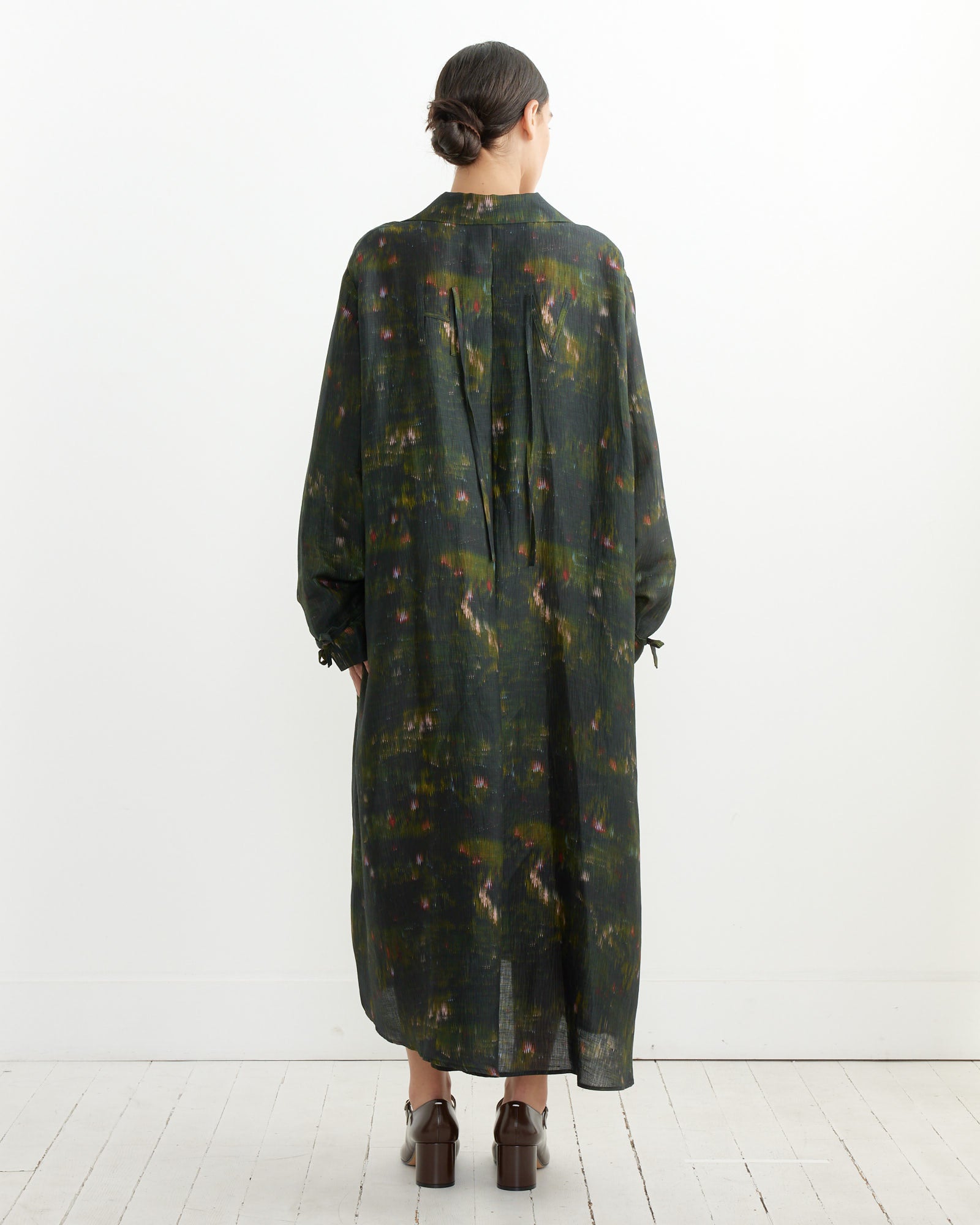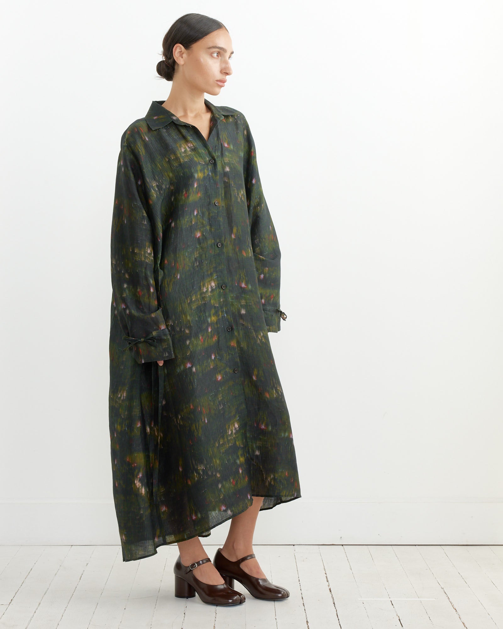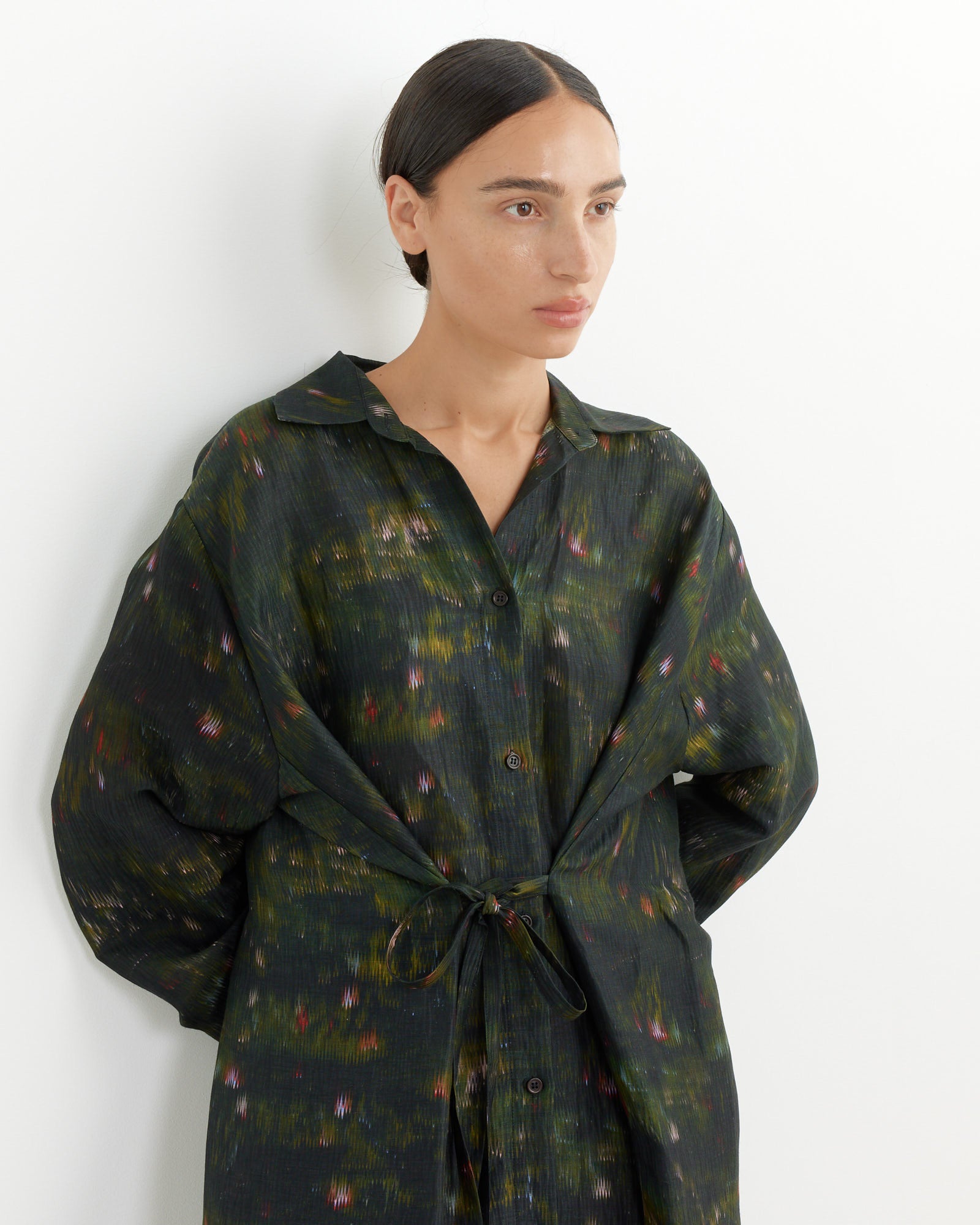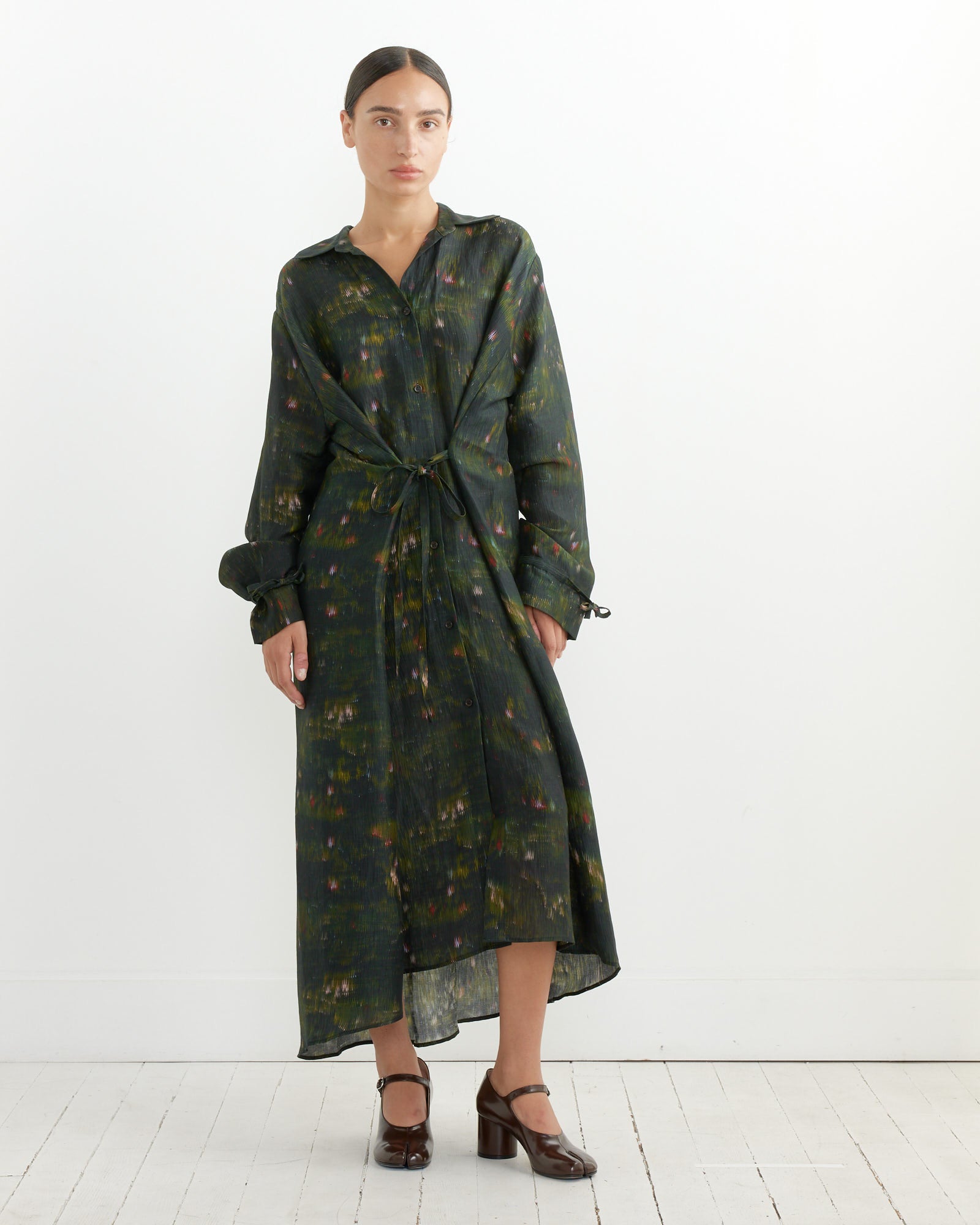 Henrik Vibskov's Pull Silk Dress is crafted from a blend of silk and linen that produces subtle texture and a beautiful drape, is cut in a relaxed silhouette, and features a full-length button placket, ties at the cuffs and waist, and a dark abstract floral print.
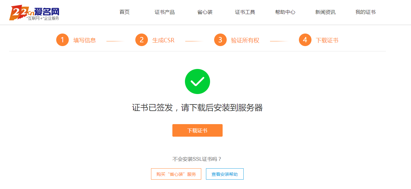 购买证书后,按照步骤填写相关信息,提交后生成CSR文件,并验证所有权后签发证书,点击【下载证书】即可。
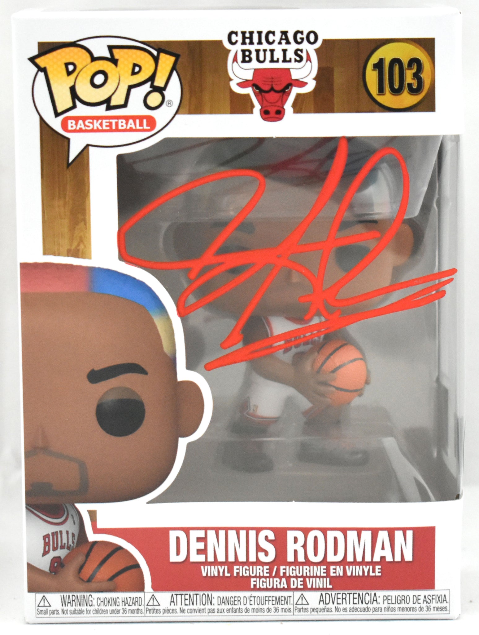 This is a hand autograph of Dennis Rodman of the Chicago Bulls on a Funko Pop Figurine, #103. This item has a Beckett Witnessed Authentication, which comes with a numbered hologram and a QR code for verification. You can view this item on the Beckett Authentication website. It was signed either at a public autograph appearance or a private signing. This is a stock photo of the item. Although you may not receive this exact item, the item you receive is virtually identical and brand new in great shape.
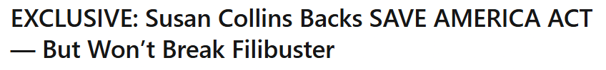 Fast forward to now. Republicans need the SAVE Act. It’s a national voter suppression law, and the only thing that can stop them from being annihilated in the midterms and 2028. I’m pretty sure they called it the SAVE Act because they designed it to save them from Trump.
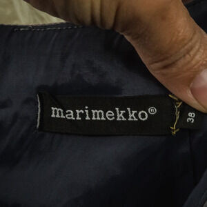 Marimekko 38 Size Medium M Gray Print Crew Neck Short Elbow Sleeve Cotton Dress
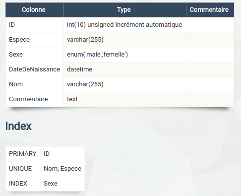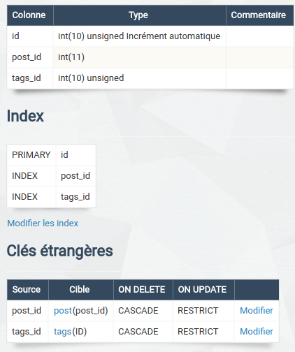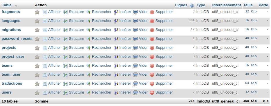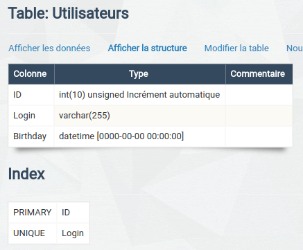 - Pas de php, uniquement via l'interface PHPMyAdmin
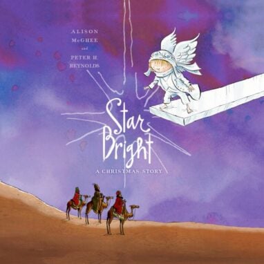 The angels are aflutter: a baby is soon to be born! One small angel can tell this baby is especially special. And holy moly, are their presents extraordinary. The little angel wants to give a present too, but, what could she possibly offer that is as worthy as the others’ gifts? At a loss for ideas, she peeks over the side of her platform and spies something going on in the desert – a caravan of kings on camels, lost in the dark. She does the only thing she can, and it ends up being the perfect gift for that little baby…the shiningest gift of all.
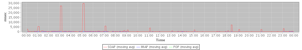 Host zm04.stanford.edu: Mailboxd: Response Time by Client Protocol
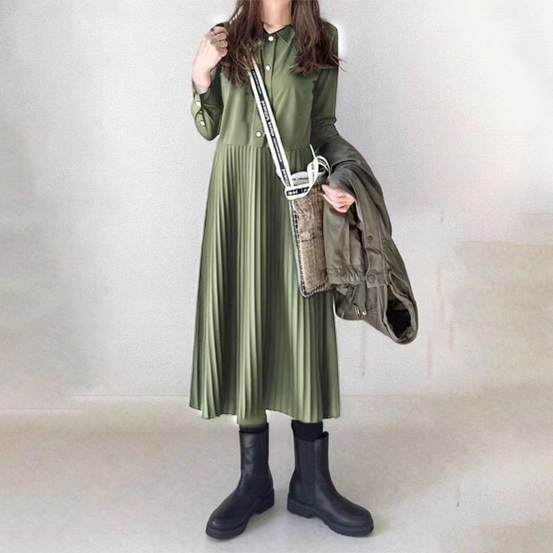 韓国ファッション 秋新作 ワンピース ロングワンピース パーティードレス ド パーティードレスプリーツワンピースシャツワンピース 気品 長袖ワンピース メガ割
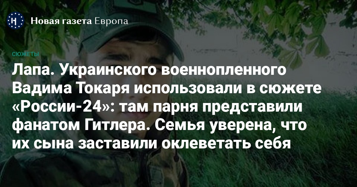 25-летний украинский военнослужащий Вадим Токарь с позывным «Лапа» год назад попал в российский плен. С тех пор близкие потеряли с ним связь. Спустя 11 месяцев телеканал «Россия 24» показал сюжет с Токарем, в котором представил военного «нацистом», «фанатом Гитлером» и человеком, отчаянно желающим убивать россиян. «Новая-Европа» рассказывает настоящую историю Вадима Токаря.
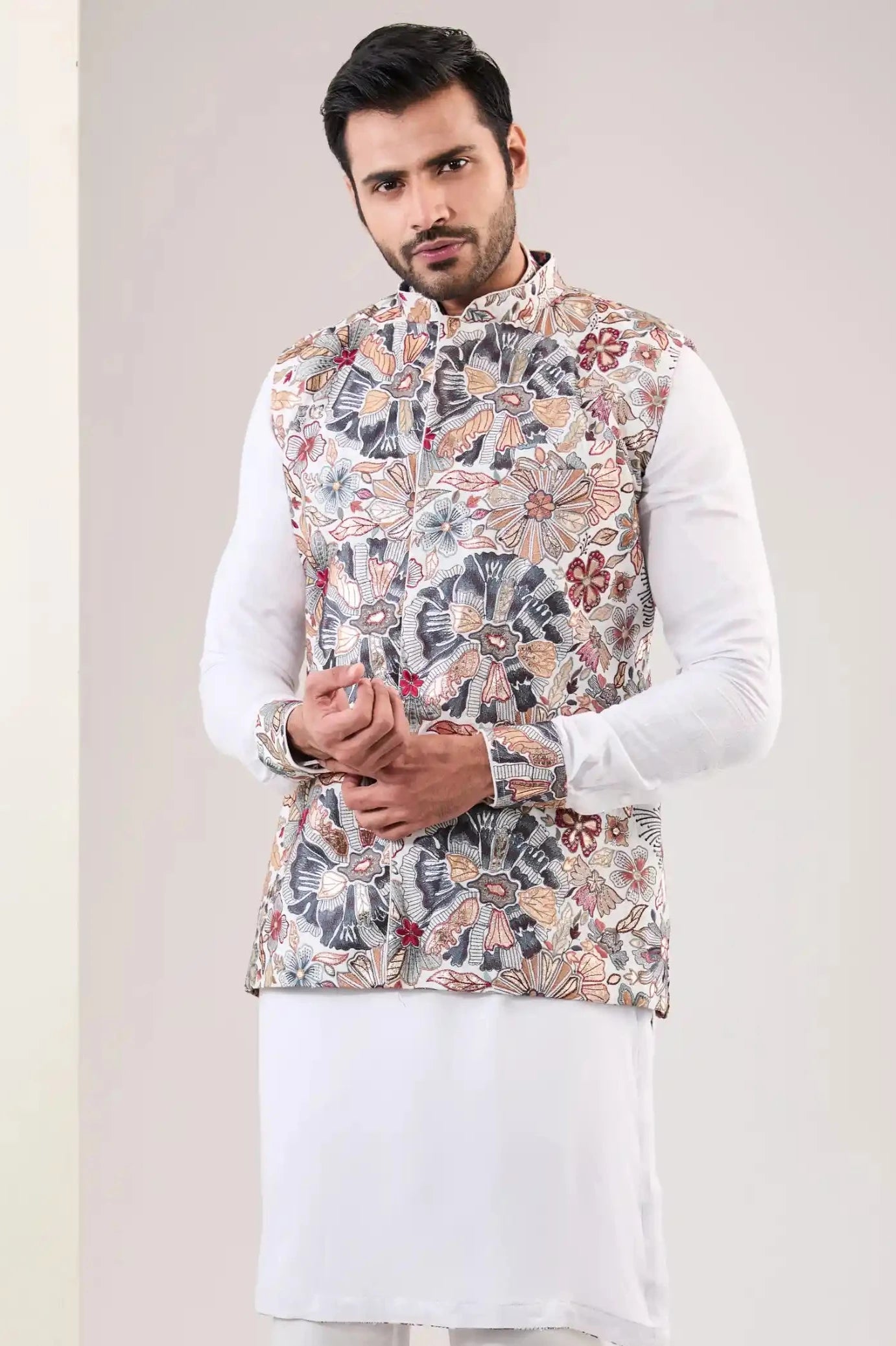 Elevate your look with this stunning off-white silk bundi, featuring exquisite multi-thread and metal embroidery. The intricate detailing adds a touch of elegance, making it perfect for formal events or festive occasions. This bundi is a stylish addition to any wardrobe, effortlessly blending traditional charm with contemporary flair.
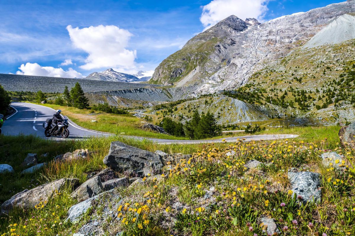 De volgende piek. In Italië is dat de 4.061 meter hoge Gran Paradiso. We naderen vanuit het filegevoelige Aosta-dal via een geasfalteerde achtbaan omhoog naar het hooggelegen dal Valsavarenche. Geen doorgaand verkeer, dat scheelt. De Tracer verliest op hoogte wat pk’s en laat in de haarspeldbochten bij Imrod merken dat hij weliswaar van helemaal onderuit kan trekken, maar liever wat meer toeren maakt. Uiteindelijk staan we met twee stukken taart in de kiosk van camping Pont Breuil, het eindpunt van deze kloof. Wat geeft het dat we de Gran Paradiso alleen op een ansichtkaart in volle glorie zien, we hebben lekker gereden! Terug naar Aosta, daarna vlot over de grandioze Col du Grand St. Bernard en een verbindingsetappe tussen Martigny en Visp tot aan de volgende top in Zwitserland. Wie denkt dat daar de Matterhorn de hoogste is, zit ernaast, zij het maar net.
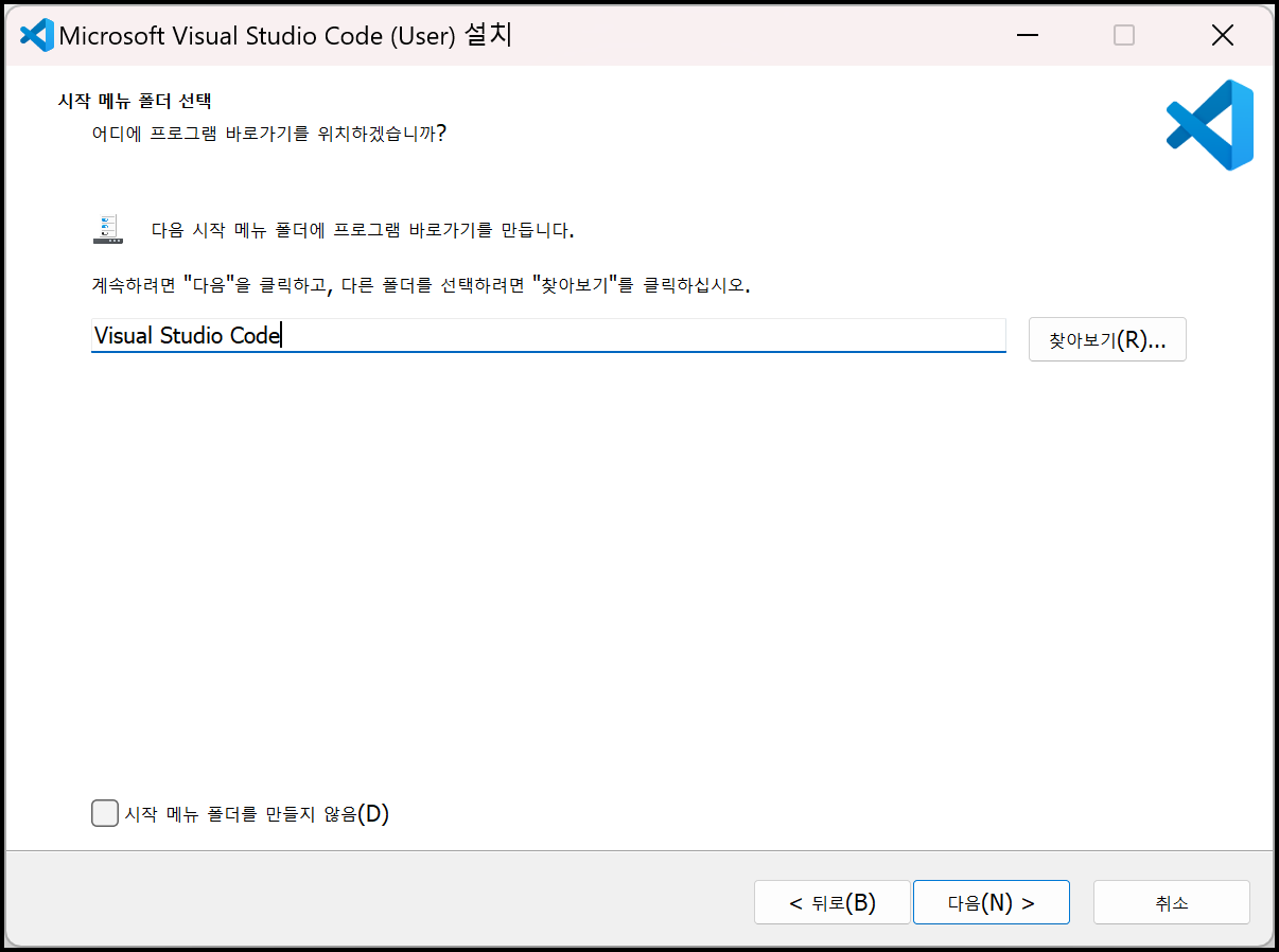 원하지 않으신다면 아래 시작 메뉴 폴더를 만들지 않음을 체크한 후

• What to produce: Return the material exactly as it reads, though without the pictures it holds.

• Answer space:
 Henrik Vibskov's Pull Silk Dress is crafted from a blend of silk and linen that produces subtle texture and a beautiful drape, is cut in a relaxed silhouette, and features a full-length button placket, ties at the cuffs and waist, and a dark abstract floral print.
 购买证书后,按照步骤填写相关信息,提交后生成CSR文件,并验证所有权后签发证书,点击【下载证书】即可。
 This is a hand autograph of Dennis Rodman of the Chicago Bulls on a Funko Pop Figurine, #103. This item has a Beckett Witnessed Authentication, which comes with a numbered hologram and a QR code for verification. You can view this item on the Beckett Authentication website. It was signed either at a public autograph appearance or a private signing. This is a stock photo of the item. Although you may not receive this exact item, the item you receive is virtually identical and brand new in great shape.
 Fast forward to now. Republicans need the SAVE Act. It’s a national voter suppression law, and the only thing that can stop them from being annihilated in the midterms and 2028. I’m pretty sure they called it the SAVE Act because they designed it to save them from Trump.
 Marimekko 38 Size Medium M Gray Print Crew Neck Short Elbow Sleeve Cotton Dress
 - Pas de php, uniquement via l'interface PHPMyAdmin
 The angels are aflutter: a baby is soon to be born! One small angel can tell this baby is especially special. And holy moly, are their presents extraordinary. The little angel wants to give a present too, but, what could she possibly offer that is as worthy as the others’ gifts? At a loss for ideas, she peeks over the side of her platform and spies something going on in the desert – a caravan of kings on camels, lost in the dark. She does the only thing she can, and it ends up being the perfect gift for that little baby…the shiningest gift of all.
 Host zm04.stanford.edu: Mailboxd: Response Time by Client Protocol
 韓国ファッション 秋新作 ワンピース ロングワンピース パーティードレス ド パーティードレスプリーツワンピースシャツワンピース 気品 長袖ワンピース メガ割
 25-летний украинский военнослужащий Вадим Токарь с позывным «Лапа» год назад попал в российский плен. С тех пор близкие потеряли с ним связь. Спустя 11 месяцев телеканал «Россия 24» показал сюжет с Токарем, в котором представил военного «нацистом», «фанатом Гитлером» и человеком, отчаянно желающим убивать россиян. «Новая-Европа» рассказывает настоящую историю Вадима Токаря.
 Elevate your look with this stunning off-white silk bundi, featuring exquisite multi-thread and metal embroidery. The intricate detailing adds a touch of elegance, making it perfect for formal events or festive occasions. This bundi is a stylish addition to any wardrobe, effortlessly blending traditional charm with contemporary flair.
 De volgende piek. In Italië is dat de 4.061 meter hoge Gran Paradiso. We naderen vanuit het filegevoelige Aosta-dal via een geasfalteerde achtbaan omhoog naar het hooggelegen dal Valsavarenche. Geen doorgaand verkeer, dat scheelt. De Tracer verliest op hoogte wat pk’s en laat in de haarspeldbochten bij Imrod merken dat hij weliswaar van helemaal onderuit kan trekken, maar liever wat meer toeren maakt. Uiteindelijk staan we met twee stukken taart in de kiosk van camping Pont Breuil, het eindpunt van deze kloof. Wat geeft het dat we de Gran Paradiso alleen op een ansichtkaart in volle glorie zien, we hebben lekker gereden! Terug naar Aosta, daarna vlot over de grandioze Col du Grand St. Bernard en een verbindingsetappe tussen Martigny en Visp tot aan de volgende top in Zwitserland. Wie denkt dat daar de Matterhorn de hoogste is, zit ernaast, zij het maar net.
 원하지 않으신다면 아래 시작 메뉴 폴더를 만들지 않음을 체크한 후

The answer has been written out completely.